The reason the one with the AMD card is not performing is because AMD's Linux drivers are notoriously shitty. Even if they were decent drivers, he's still comparing a completely different GPU and OS that handles graphics protocols and CPU scheduling differently.

Op needs to retry these tests with his Nvidia 760 and Windows on both. Then he will get some idea of what's going on.
 
Not only that, there is so little in common between the rigs that it makes comparing them impossible. One is using Windows and Nvidia card and the other Linux with an AMD card.

The reason the one with the AMD card is not performing is because AMD's Linux drivers are notoriously shitty. Even if they were decent drivers, he's still comparing a completely different GPU and OS that handles graphics protocols and CPU scheduling differently.

Op needs to retry these tests with his Nvidia 760 and Windows on both. Then he will get some idea of what's going on.

Actually, the OS differences are a help to the test, showing us that it is actually unlikely to be a scheduling issue - two different scheduling mechanisms showing basically the same result is no accident of a particular software.

FPS was not really important for this test since both were GPU limited and over 60fps
 
Actually, the OS differences are a help to the test, showing us that it is actually unlikely to be a scheduling issue - two different scheduling mechanisms showing basically the same result is no accident of a particular software.

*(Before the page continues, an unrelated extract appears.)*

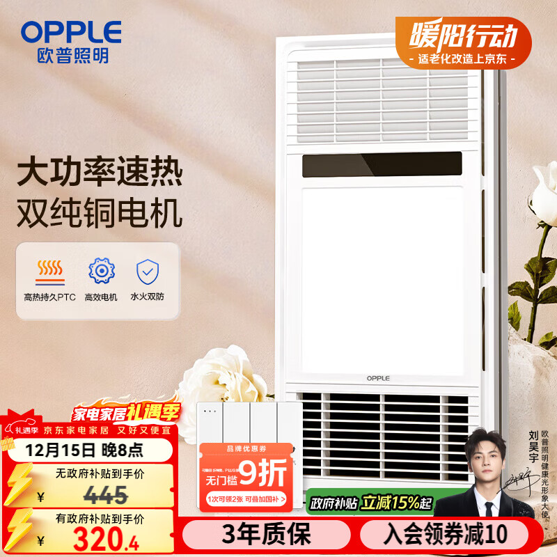 欧普(OPPLE)双纯铜电机风暖浴霸灯暖风照明排气一体集成吊顶卫生间浴室F165-E

FPS was not really important for this test since both were GPU limited and over 60fps
You are missing the point.
I'm telling you to only change 1 variable at a time to keep the testing consistent and eliminate the possibility of other variables messing with your conclusion. This is basic testing methodology.

If you really want to prove your point you would setup the tests like this:
-Both rigs on Win10 and same GPU...see what differences the CPU makes
-Both rigs on Linux and same GPU...compare results to previous test to see if the OS makes any further difference.
 
You are missing the point.
I'm telling you to only change 1 variable at a time to keep the testing consistent and eliminate the possibility of other variables messing with your conclusion. This is basic testing methodology.

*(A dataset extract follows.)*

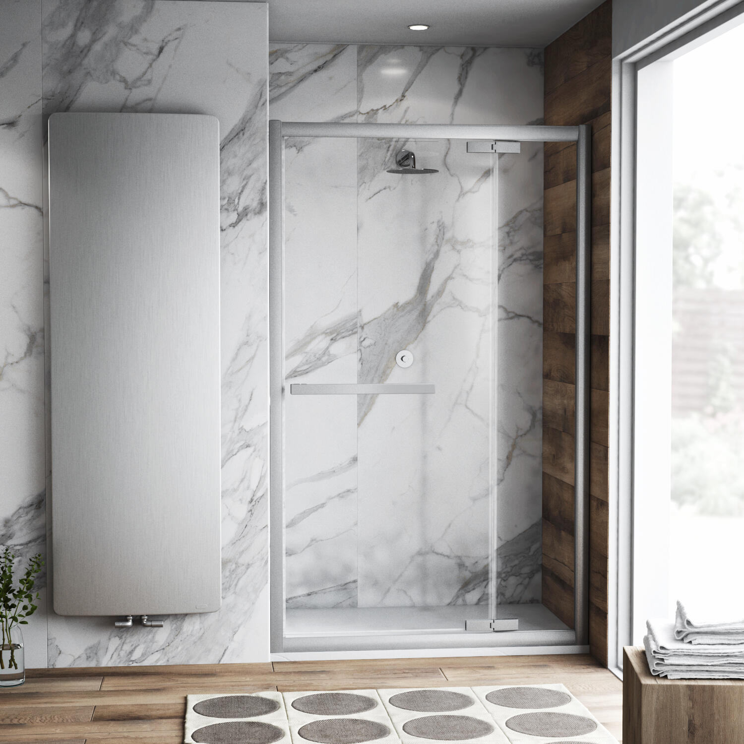 Porta doccia Namara con apertura battente, larghezza 130 cm, altezza 195 cm. Profilo argento con finitura del vetro trasparente.

If you really want to prove your point you would setup the tests like this:
-Both rigs on Win10 and same GPU...see what differences the CPU makes
-Both rigs on Linux and same GPU...compare results to previous test to see if the OS makes any further difference.

I think I see the confusion now. I should not have used the word "test" so liberally in the OP. The real reason I ran the game on these three systems was to get a general idea of the performance of each rig as I was purposing them, not to see what kind of engine was under the hood with CSGO. I only posted these results because I was so surprised that it seemed to run well with or without strong single core performance, when my hypothesis had been that it would be the single core oriented part of my ad-hoc test.

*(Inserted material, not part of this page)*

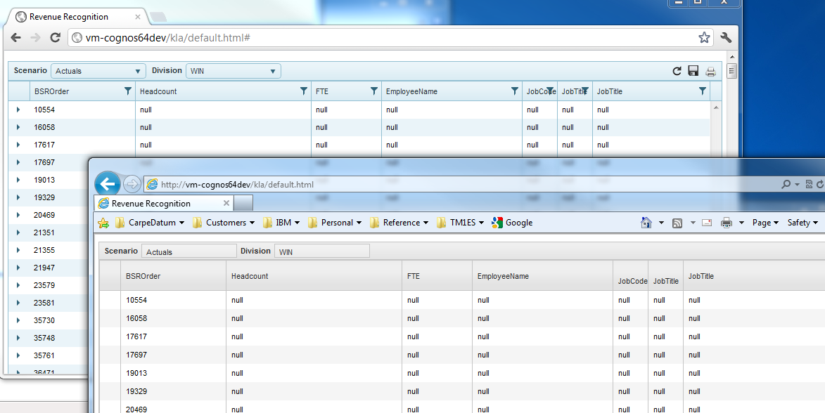 I have created several drop downs and grids in a page, but notice that there is a significant difference between IE and Chrome. Namely, the filters do not show in IE, adn the drop downs don't look rounded like they do in Chrome.

The result was enough for me to believe it, but I will be the first to admit I dont have the time or inclination to do it rigorously. Others are welcome to present more rigorous results here regardless of their conclusions, of course.
 
Easier way to do it is as mentioned, use the Xeon rig:

Set the Affinity to 2/4/6/8 et cetera for the exe on NVIDIA card - test each
Set the Affinity to 2/4/6/8 et cetera for the exe on AMD card - test each

done and will eliminate all the variables with different OS / CPU's and everything else.
 
Easier way to do it is as mentioned, use the Xeon rig:

Set the Affinity to 2/4/6/8 et cetera for the exe on NVIDIA card - test each
Set the Affinity to 2/4/6/8 et cetera for the exe on AMD card - test each

done and will eliminate all the variables with different OS / CPU's and everything else.

However, as mentioned, that rig is no longer in existence.